YOUR ASSIGNMENT →
Give the data below again exactly, and drop each picture from it.

SOURCE MATERIAL →
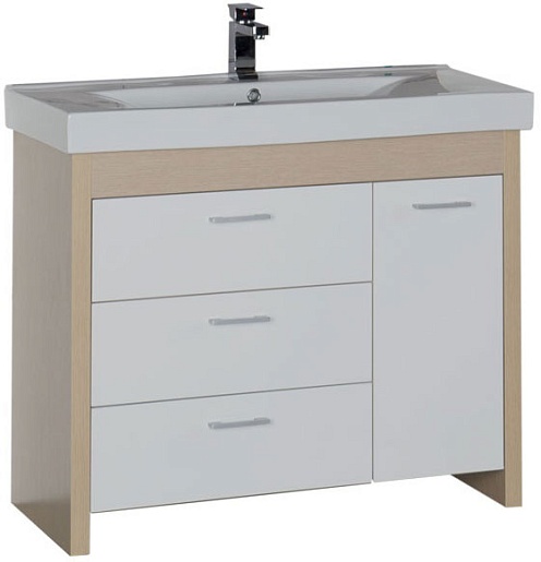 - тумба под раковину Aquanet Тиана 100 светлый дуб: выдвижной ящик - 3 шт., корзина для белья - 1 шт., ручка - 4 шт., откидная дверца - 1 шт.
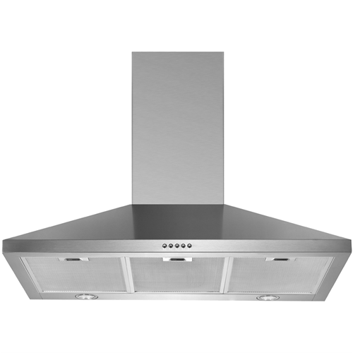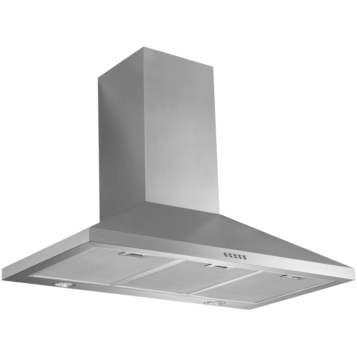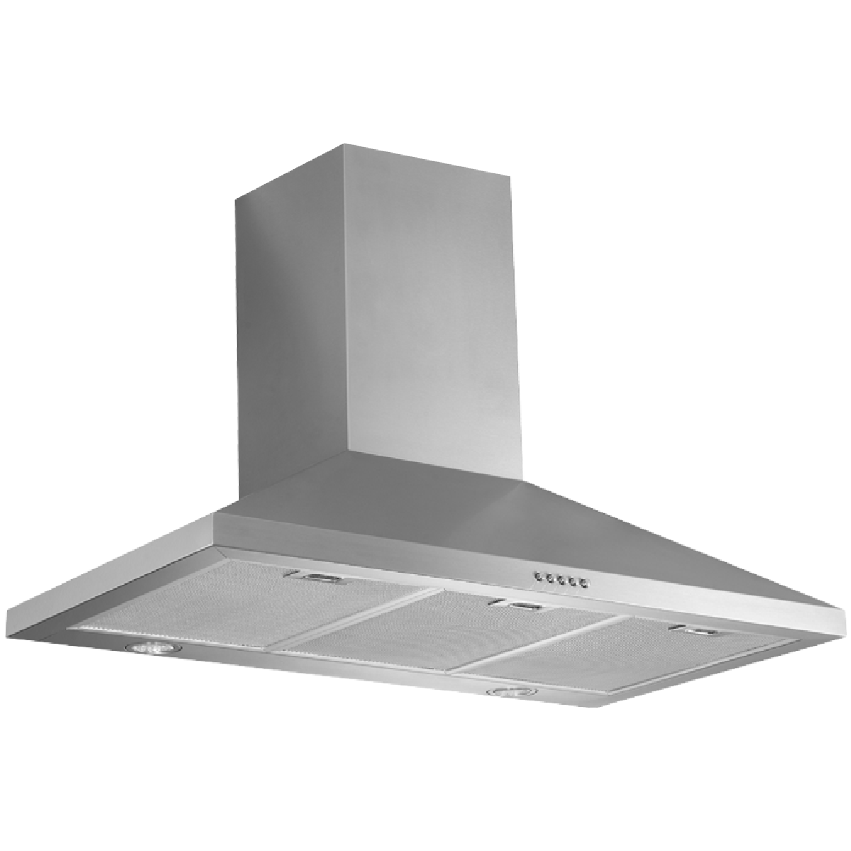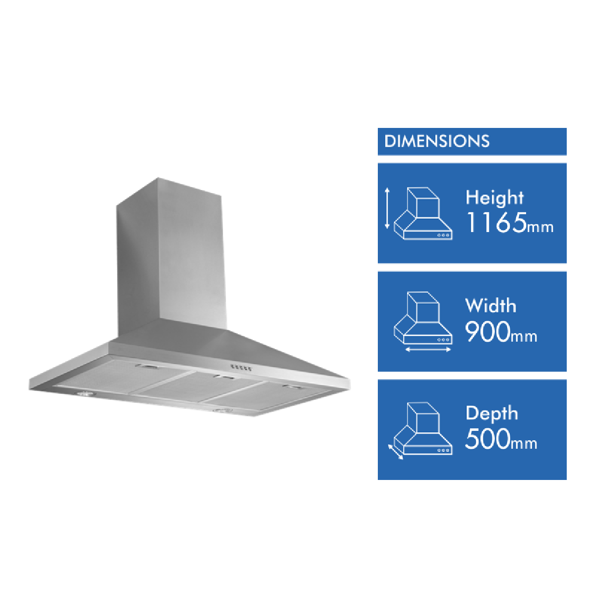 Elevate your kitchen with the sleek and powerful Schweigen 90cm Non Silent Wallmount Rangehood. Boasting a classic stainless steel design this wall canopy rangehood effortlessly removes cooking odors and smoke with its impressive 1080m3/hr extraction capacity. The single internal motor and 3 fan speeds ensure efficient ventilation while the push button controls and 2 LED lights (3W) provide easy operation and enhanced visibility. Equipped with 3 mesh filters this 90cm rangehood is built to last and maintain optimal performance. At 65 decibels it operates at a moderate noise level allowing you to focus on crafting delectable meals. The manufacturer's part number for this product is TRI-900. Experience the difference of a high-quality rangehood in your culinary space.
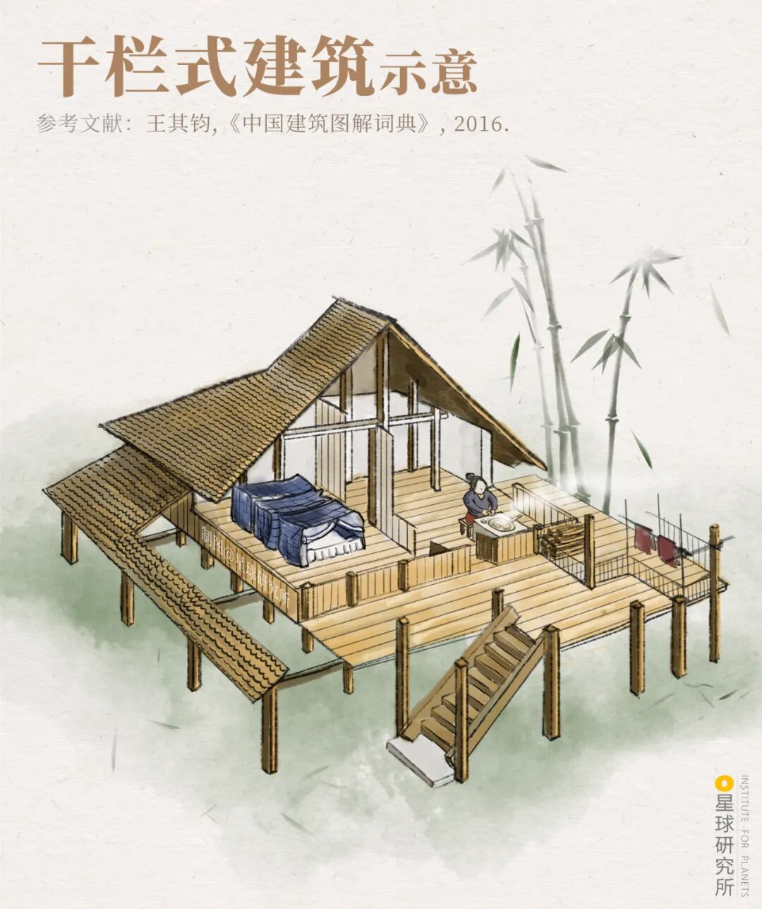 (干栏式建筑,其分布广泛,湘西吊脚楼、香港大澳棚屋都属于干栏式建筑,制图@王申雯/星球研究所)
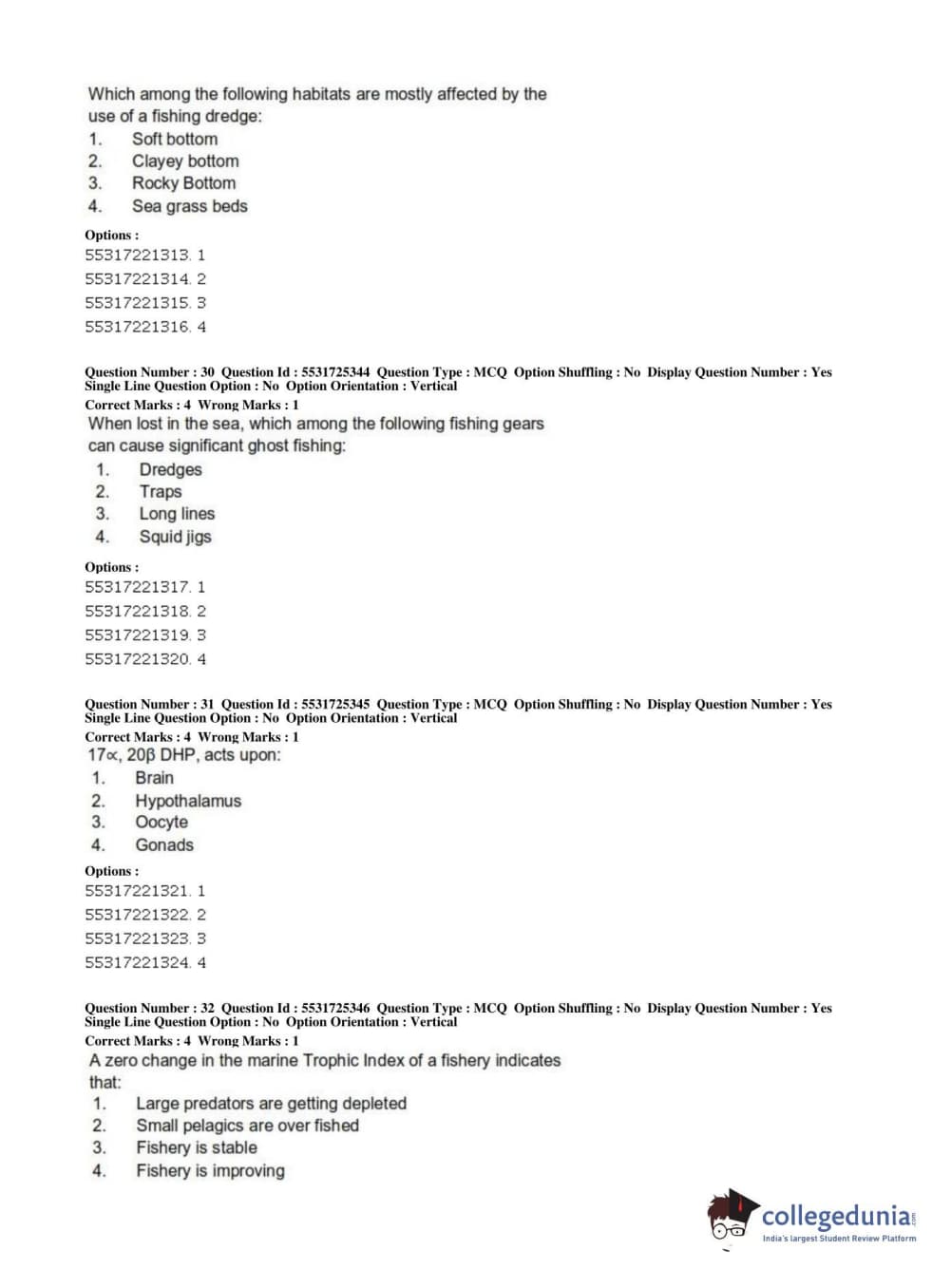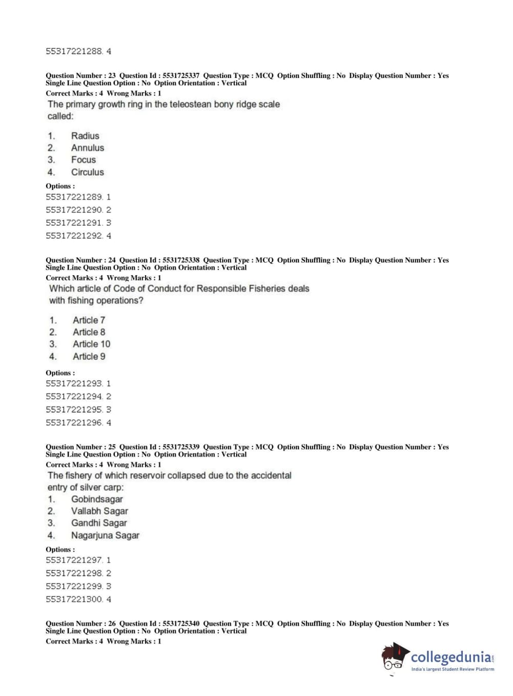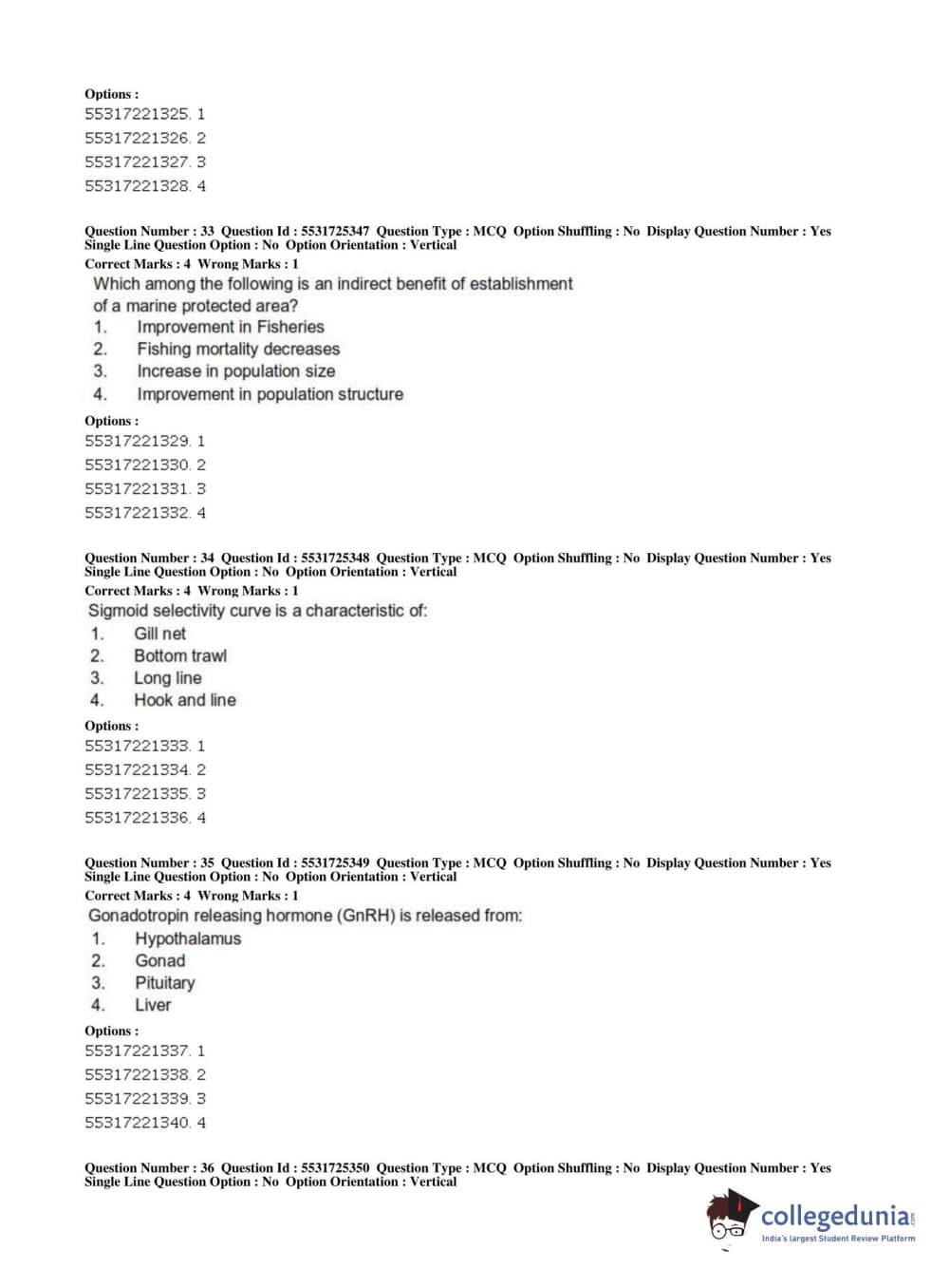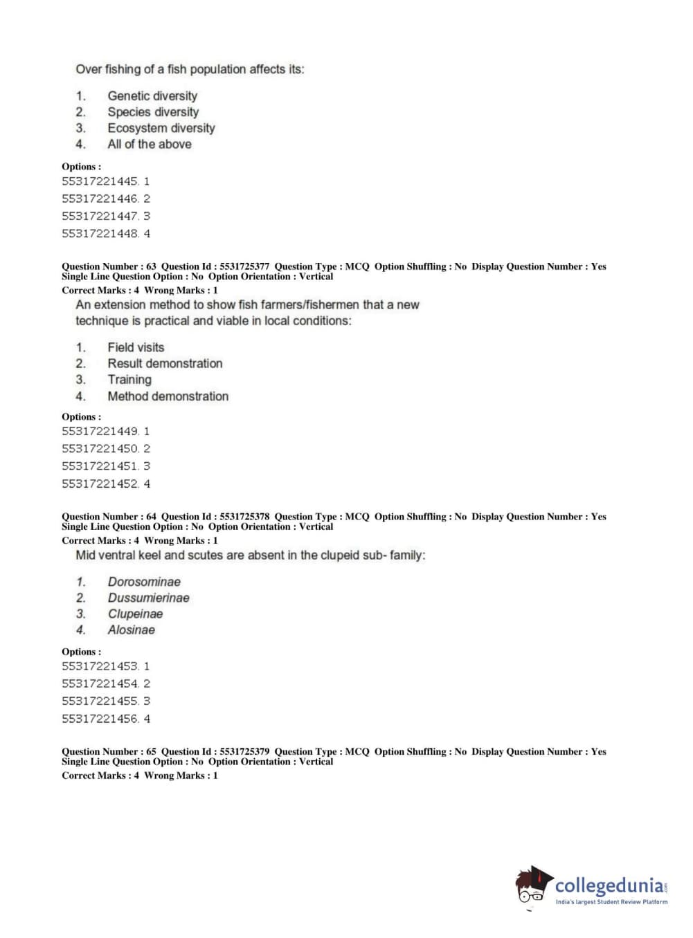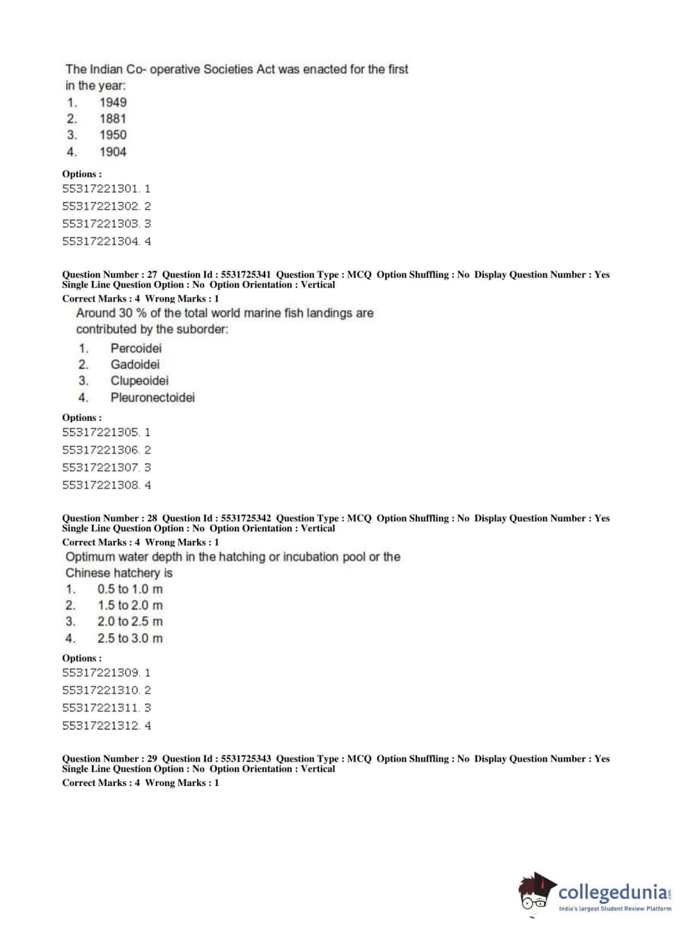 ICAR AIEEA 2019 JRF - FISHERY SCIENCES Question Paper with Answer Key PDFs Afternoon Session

SOLUTION TO THIS PROBLEM →
 - тумба под раковину Aquanet Тиана 100 светлый дуб: выдвижной ящик - 3 шт., корзина для белья - 1 шт., ручка - 4 шт., откидная дверца - 1 шт.
 Elevate your kitchen with the sleek and powerful Schweigen 90cm Non Silent Wallmount Rangehood. Boasting a classic stainless steel design this wall canopy rangehood effortlessly removes cooking odors and smoke with its impressive 1080m3/hr extraction capacity. The single internal motor and 3 fan speeds ensure efficient ventilation while the push button controls and 2 LED lights (3W) provide easy operation and enhanced visibility. Equipped with 3 mesh filters this 90cm rangehood is built to last and maintain optimal performance. At 65 decibels it operates at a moderate noise level allowing you to focus on crafting delectable meals. The manufacturer's part number for this product is TRI-900. Experience the difference of a high-quality rangehood in your culinary space.
 (干栏式建筑,其分布广泛,湘西吊脚楼、香港大澳棚屋都属于干栏式建筑,制图@王申雯/星球研究所)
 ICAR AIEEA 2019 JRF - FISHERY SCIENCES Question Paper with Answer Key PDFs Afternoon Session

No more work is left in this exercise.